5) Reform of the welfare system along the lines of a Negative Income Tax or Basic Income Guarantee. As it is, the welfare system disincentivises work and creates dependency without doing much for the working poor. A Negative Income Tax would only look at people’s incomes (not whether they were in work or not in work), reducing perverse incentives and topping up the wages of the poorest earners. This would strengthen the bargaining position of low-skilled workers and would remove much of the risks to workers associated with employment deregulation. Of course, the first thing we should do is raise the personal allowance and National Insurance threshold to the minimum wage rate to give poor workers a de facto 'Living Wage'.

6) A Singaporean-style healthcare system to replace the NHS. In Singapore, people have both a health savings account and optional catastrophic health insurance. They pay a portion of their earnings into the savings account (poor people receive money from the state for this), which pays for day-to-day trips to the doctor, prescriptions, and so on. The government co-pays for many expenses but the personal cost disincentivises frivolous visits to the doctor. For very expensive treatments, optional catastrophic health insurance kicks in. This is far from being a pure free market system but it is miles better (cheaper and with better health outcomes) than the NHS. (By the way, if you really like the NHS we could still call this an ‘NHS’ and still get the superior system.)

7) A school voucher system and significant reform of the state education and free schools sectors.

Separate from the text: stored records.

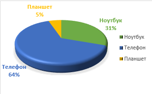 1. «Выберите техническое устройство, которое считаете самым эффективным для применения в процессе обучения».Из результатов мы видим, что телефон является самым эффективным устройством для студентов и только потом во втором месте располагается ноутбук и далее планшет. Результаты были вполне предсказуемыми, так как сейчас телефон является самым доступным, удобным и к тому же эффективным в работе гаджетом.
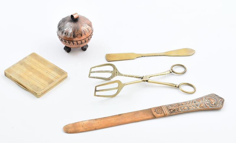 Réz tárgyak: sütemény fogó, levélnyitó, jelzett tárca.
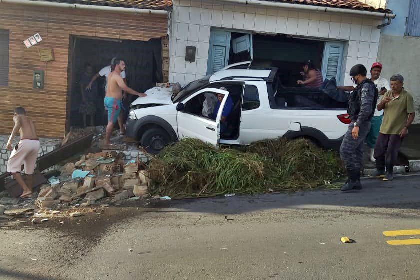 Uma caminhonete Fiat Strada, cor branca, de placa não informada, destruiu parte da fachada de duas casas na manhã desta segunda-feira (22), após o condutor perder o controle da direção do veículo.
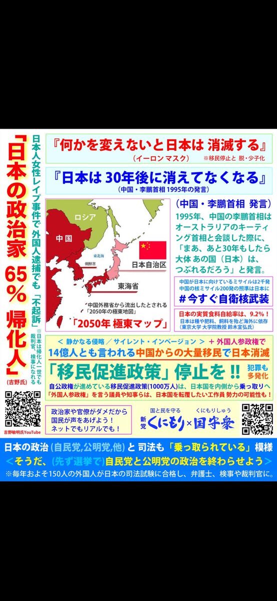 桜井誠さんの言っていた事は本当だった! 何かあってからでは遅い! 支那中共の植民地にされる前に 何としても日本を守ろう! #移民ストップ日本を守れ #多文化共生の強制にNO #中国の赤い侵食を許さない #アフリカホームタウンの白紙化を #エジプト人受け入れ反対 #移民推進する政党を落選させよう x.com/smith_john8727…
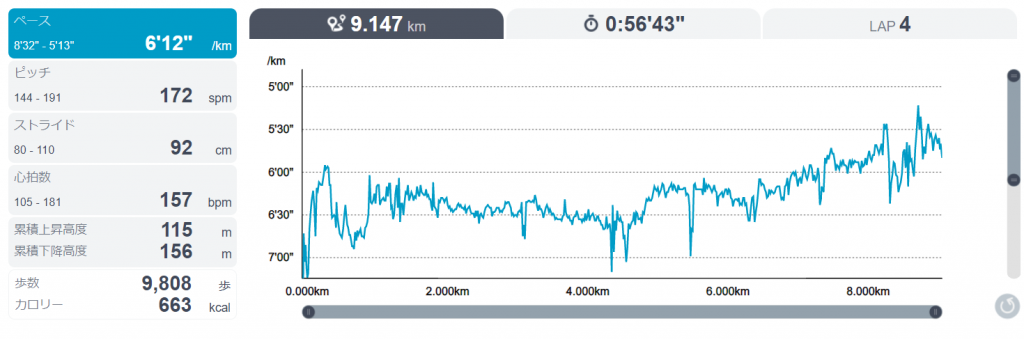 折り返し地点で心拍数も160程度でまだ余力がありそうだったので、後半はペースを上げてみた。
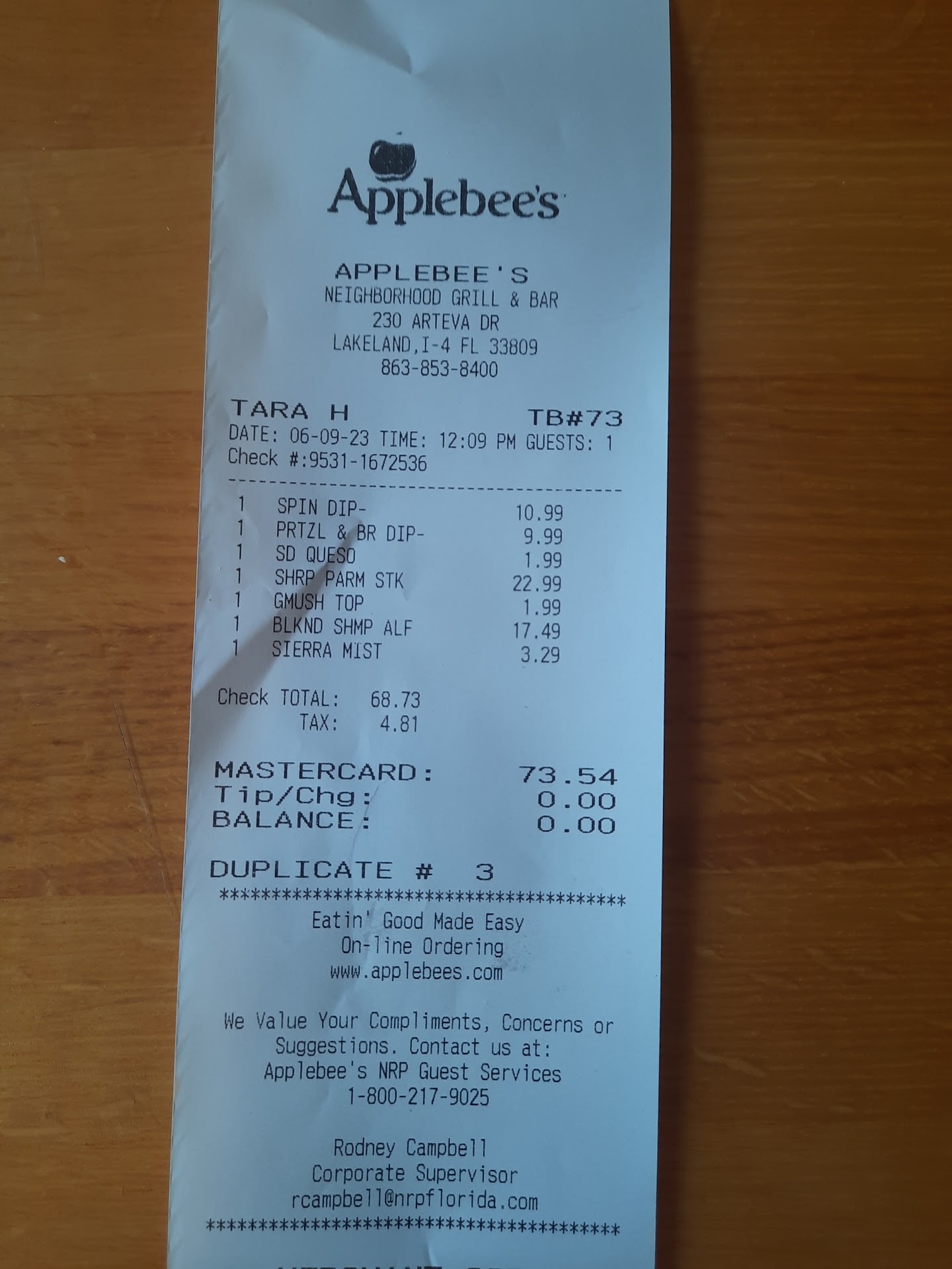 Ā Ā Ā Read moreOn Sunday my wife and I went out to eat on Sunday evening and decided to go to our local Applebees. To start, the service was probably the worst Iāve ever received. We were there for probably the better part of an hour and a half. Our first drink refill we received after asking was over an hour inā¦so much so that the cups were still full when they brought us a Togo cup. Our meals did not come out complete so we asked for a box to take our food home with. We were told by our waitress Brianna that we were not allowed to have a large to go container because those were for Togo customers. So we asked for a manager and thatās when we met AMBER. She was supposedly a manager, but told us in the end that she was āJust a Keyā. During our conversation she continued to treat us like we was guilty or like she had something personally wrong against our family. She had expressed the same idea that if we took a large to go box from them we would short them in the instance they needed it later that night for a Togo customerā¦LIKE HELLO!!! Our service was so bad that we are now to go customers. Well, Amber continued then to try to have us just take the plate with us, but followed it up with the whole ātake the plate, but Iām not sure what else will happenā as if she was trying to bait us into taking it so she could have me arrested. I was absolutely disgusted with the entire transaction between Brianna and Amber. We still paid for our entire order, but I will never go back! Amber at the north Lakeland Applebees has got to be the worst manager or ājust a keyā that Iāve ever metā¦in front of other customers just degrading other customers. Itās disgusting that you all employ such people in a industry that is struggling to get customers to come and spend our hard earned money. I thought with the unique story of how the CEO of your company got control of Applebeesā¦I was so amazed at what she did, how could I NOT support her?!?!? Wellā¦Amber and Brianna have completely messed...
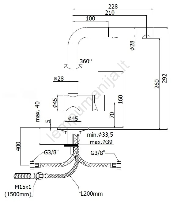 • Virtuvinis stalinis maišytuvas su patogiu svirtiniu valdymu.

This would include the abolition of catchement areas and proximity-based admission, simplification of the free schools application process, and expansion of the free schools programme to allow profit making firms to operate free schools. These reforms, outlined in more detail in two ASI reports, would increase the number of places available to children and increase competition among schools to drive up standards.

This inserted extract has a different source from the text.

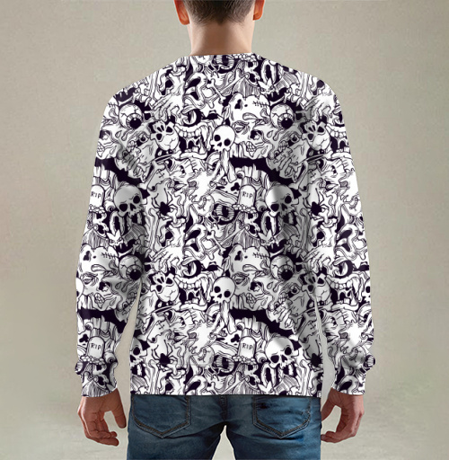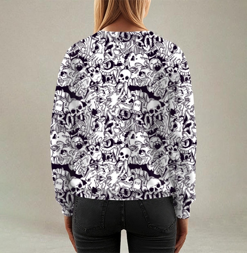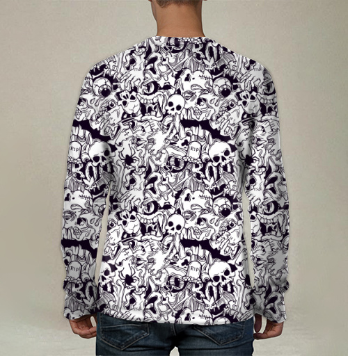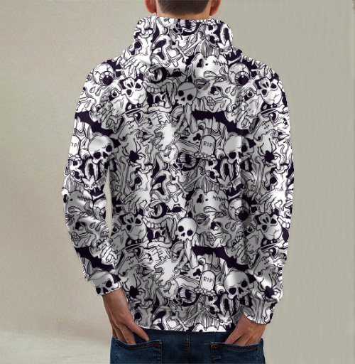 Паттерн из серии "Хеллоуин", разработанный в стилистике хоррор-комиксов и граффити. Бесшовная композиция объединяет десятки жутких персонажей и символов: оскаленные черепа с горящими глазами, зомби с рваными ртами, летучие мыши с распростертыми крыльями, ухмыляющиеся тыквы, костлявые руки и мистические существа. Каждый элемент прорисован с нарочитой грубостью, словно граффити на стенах заброшенного здания или иллюстрация из андеграундного комикса ужасов.
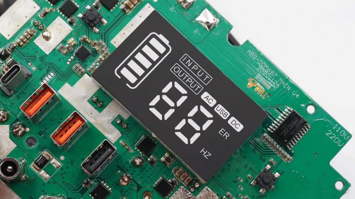 兩個開關(guān)鍵間有LED顯示屏,可顯示剩余電量以及接口使用情況。

8) Intellectual property reform. As both Alex Tabarrok and Matt Ridley have pointed out, our IP (patent and copyright) law is too restrictive and seems to be stifling new innovation. Firms use patents as barriers to entry, suing new rivals whose products are too similar to their own. In industries where development costs are high but imitation costs are low, like pharmaceuticals, patents may be necessary to incentivise innovation, but in industries like software development where development can be cheaper than imitation, patents can be a terrible drag on progress. Tabarrok recommends that we try to tailor patent length in accordance with these differences; as a sceptic about our ability to know, well, anything, I’d prefer to leave it to private contracts and common law courts to discover.

9) Last but not least, the removal of the thicket of financial regulation and the promise of bailouts for insolvent banks. Known as ‘free banking’, this system of laissez-faire finance has an extremely strong record of stability – though bank panics still occurred in free banking systems, they were much less severe and rarely systemic. Only once the government started to intervene in the financial system to provide complete stability did things really begin to go wrong: deposit insurance, branch-banking restrictions, and other prudent-seeming regulations led to extremely bad unforeseen consequences. The financial crisis of 2008 probably owes more to asset requirements like the Basel accords, which heavily incentivised banks to hold ‘safe’ mortgage debt over ‘risky’ business debt, than anything else. Incidentally, the idea that having a large number of local banks is somehow better than having a few large banks is totally wrong: during the Great Depression, 9,000 of America's small, local banks failed; at the same time not one of Canada’s large banks failed. The small banks were more vulnerable because, unlike the big banks, they were undiversified.

Now, if only there was a think tank to try and make these dreams a reality.